4. Application-oriented data mining in new data sources
Some databases for new applications, such as spatial databases, temporal databases, engineering databases, and multimedia databases, have been fully developed. These new applications need to process and analyze spatial data, temporal data, engineering design data, and multimedia data. These applications require efficient data structures and available methods for processing complex structures, long variable records, semi-structured or unstructured data. For example, a satellite image may represent data in the form of a grating, while a city map data may be in the form of a vector. These grating or vector data also contain a wealth of knowledge and their mining technology has its own characteristics. Through a satellite image for climate analysis, we may need to know the correlation between altitude and climate. Through a city map, we may be eager to know the relationship between high-income families and their locations. Temporal Databases always contain temporal attributes, which are sensitive to time changes. For example, the stock data records the time-varying data sequence, through which we can mine the data development trend and help us develop the right investment strategy. Knowledge Discovery on these datasets or databases provides a wealth of Research and Development soil for data mining.

V. Data Mining in Web Data sources
Web-oriented data mining is much more complex than data mining for databases and data warehouses, because Web data is complex. Some are unstructured (such as web pages), and long sentences or phrases are usually used to express document information. Some may be semi-structured (such as email or HTML pages ). Of course, some have good structures (such as workbooks ). Discovering the General descriptive features of these composite objects becomes an unshirkable responsibility for data mining.
Web mining must face the following key issues.

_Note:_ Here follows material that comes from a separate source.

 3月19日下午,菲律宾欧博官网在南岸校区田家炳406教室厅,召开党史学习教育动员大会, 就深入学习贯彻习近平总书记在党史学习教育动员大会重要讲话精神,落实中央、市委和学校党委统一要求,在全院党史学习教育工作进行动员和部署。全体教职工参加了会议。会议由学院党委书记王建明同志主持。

(1) heterogeneous data source environment
The information on a web site is a larger and more complex data body. If we regard each site information on the Web as a data source, these data sources are heterogeneous because the information and organization of each site are different. To use such massive data for data mining, you must first study the integration of heterogeneous data between sites. Only by integrating the data of these sites into a unified view can you obtain what you need. Second, we need to solve the problem of data query on the web, because if the required data cannot be obtained effectively, it is impossible to analyze, integrate, and process the data.

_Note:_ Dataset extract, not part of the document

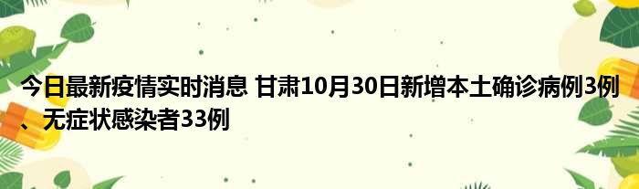 今日最新疫情实时消息 甘肃10月30日新增本土确诊病例3例、无症状感染者33例

(2) semi-structured data structure
The data on the Web is different from the data in traditional databases. The data on the Web is more semi-structured. Web-oriented data mining must be based on the semi-structured model and semi-structured data model extraction technology. Looking for a semi-structured data model is the key to solving the problem. In addition to defining a semi-structured data model, a semi-structured model extraction technology is also required. We know that each site's data is independently designed, and the data itself has self-reporting and dynamic variability. Therefore, web-oriented data mining is a complex technology. XML (Extensible Markup Language) is a meta-markup language designed by the W3C to provide a format for describing structured data. The scalability and flexibility of XML allows XML to describe data in different types of application software, so as to describe the data records in the collected web pages. Because XML-based data is self-describing, data can be exchanged and processed without internal descriptions. Therefore, XML can easily combine data from different sources, making searching for heterogeneous data possible, and bringing hope to solve the difficulties of Web data mining.

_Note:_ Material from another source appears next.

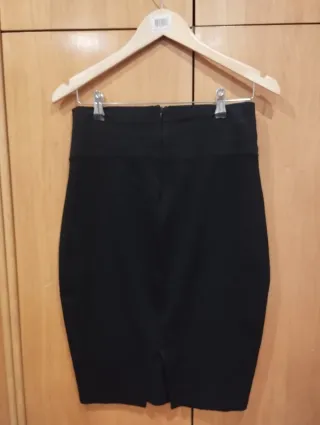 Falda de vestir en color negro. - Diseño elegante. - Cintura con trabillas. - Bolsillos traseros.

(3) dynamically changing application environment
First, the Web information changes frequently, and information such as news and stock information is updated in real time. This high change is also reflected in Dynamic Links and Random Access to pages. Second, users on the web are unpredictable. Users have different knowledge backgrounds, interests, and access purposes. Finally, the data environment on the Web is highly noisy. Research shows that only 1% of the data on a web site may be related to a specific mining topic. These variables are also a must for Web data mining.

References:

Han J et al. Data Mining: concepts and techniques. Morgan Kaufmann Publishers, 2001.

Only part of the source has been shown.